INPUT DATA:

--

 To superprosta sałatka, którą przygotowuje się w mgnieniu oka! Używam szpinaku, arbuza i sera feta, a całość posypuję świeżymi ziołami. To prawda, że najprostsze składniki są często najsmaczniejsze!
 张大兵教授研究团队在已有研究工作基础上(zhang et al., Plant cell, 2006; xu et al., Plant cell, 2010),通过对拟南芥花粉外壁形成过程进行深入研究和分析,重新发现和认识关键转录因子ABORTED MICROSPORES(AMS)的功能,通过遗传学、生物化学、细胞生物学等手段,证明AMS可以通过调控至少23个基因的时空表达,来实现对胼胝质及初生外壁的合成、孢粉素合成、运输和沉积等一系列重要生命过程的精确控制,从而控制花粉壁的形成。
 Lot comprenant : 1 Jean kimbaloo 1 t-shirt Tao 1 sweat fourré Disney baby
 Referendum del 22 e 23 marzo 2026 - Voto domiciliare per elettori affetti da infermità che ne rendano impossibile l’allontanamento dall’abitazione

--

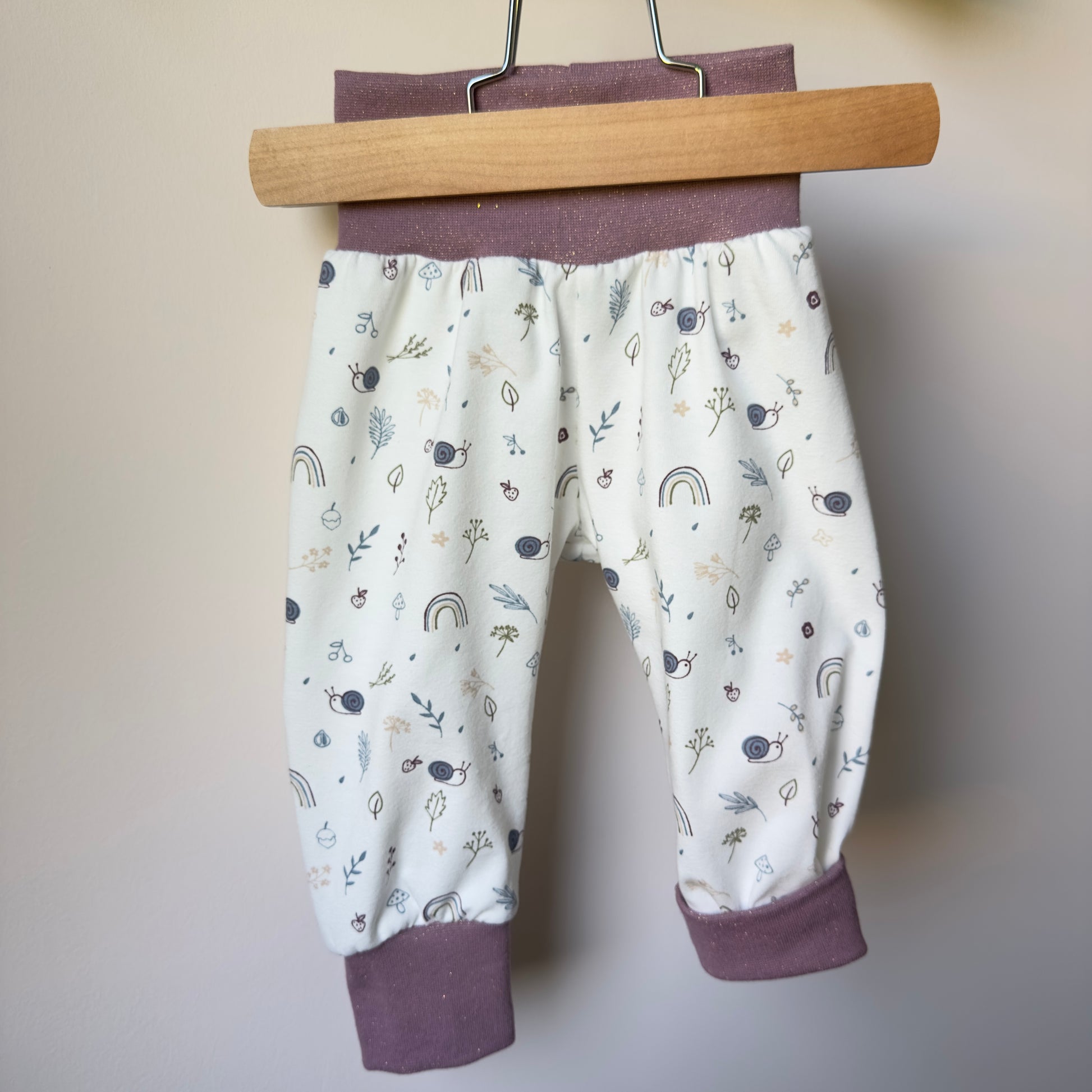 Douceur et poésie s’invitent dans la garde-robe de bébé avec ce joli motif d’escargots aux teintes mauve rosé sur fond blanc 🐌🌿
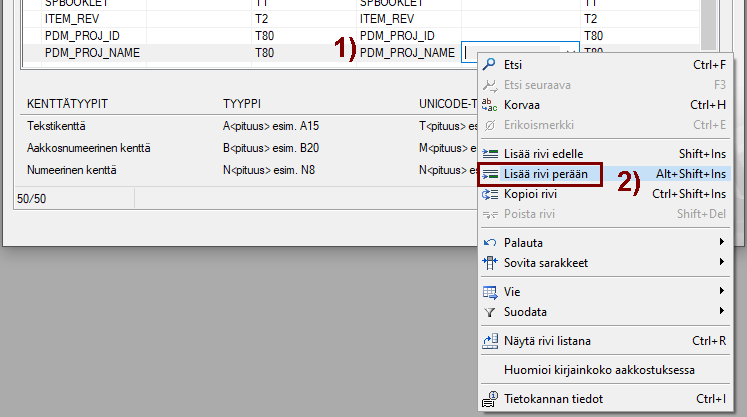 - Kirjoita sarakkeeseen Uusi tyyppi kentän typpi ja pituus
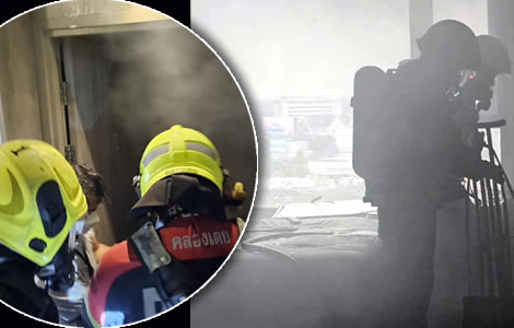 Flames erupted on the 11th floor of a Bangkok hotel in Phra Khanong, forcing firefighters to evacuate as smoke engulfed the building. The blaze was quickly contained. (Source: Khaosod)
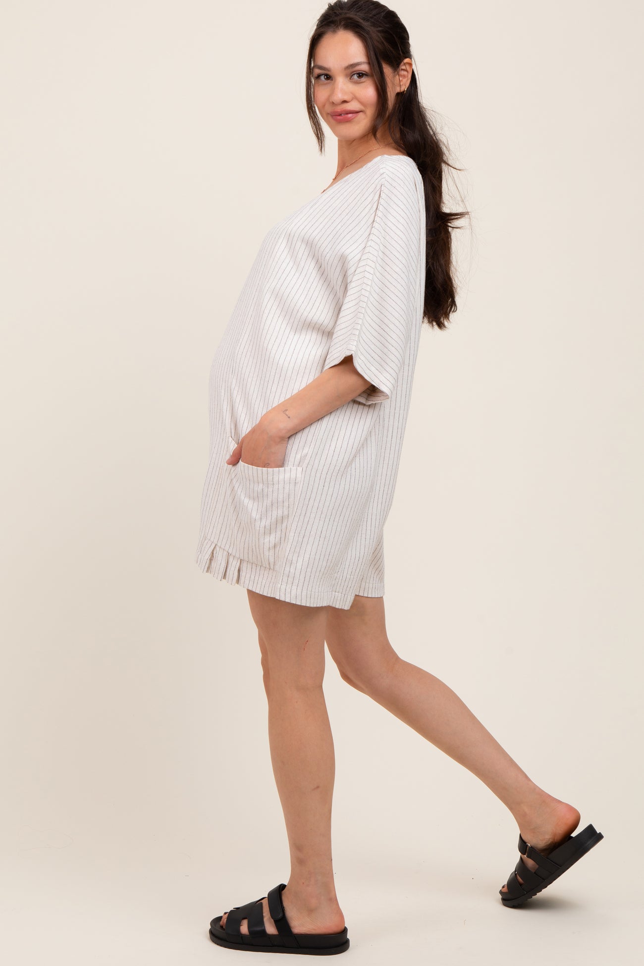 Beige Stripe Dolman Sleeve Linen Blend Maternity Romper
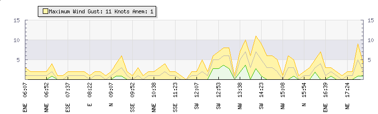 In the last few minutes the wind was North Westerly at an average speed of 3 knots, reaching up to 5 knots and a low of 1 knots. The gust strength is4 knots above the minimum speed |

--

Those lines of the records above that run from the one containing "Douceur et poésie" through the one containing "In the last" should be returned exactly, with no pictures among them.

RESPONSE BOX:
 Douceur et poésie s’invitent dans la garde-robe de bébé avec ce joli motif d’escargots aux teintes mauve rosé sur fond blanc 🐌🌿
 - Kirjoita sarakkeeseen Uusi tyyppi kentän typpi ja pituus
 Flames erupted on the 11th floor of a Bangkok hotel in Phra Khanong, forcing firefighters to evacuate as smoke engulfed the building. The blaze was quickly contained. (Source: Khaosod)
 Beige Stripe Dolman Sleeve Linen Blend Maternity Romper
 In the last few minutes the wind was North Westerly at an average speed of 3 knots, reaching up to 5 knots and a low of 1 knots. The gust strength is4 knots above the minimum speed |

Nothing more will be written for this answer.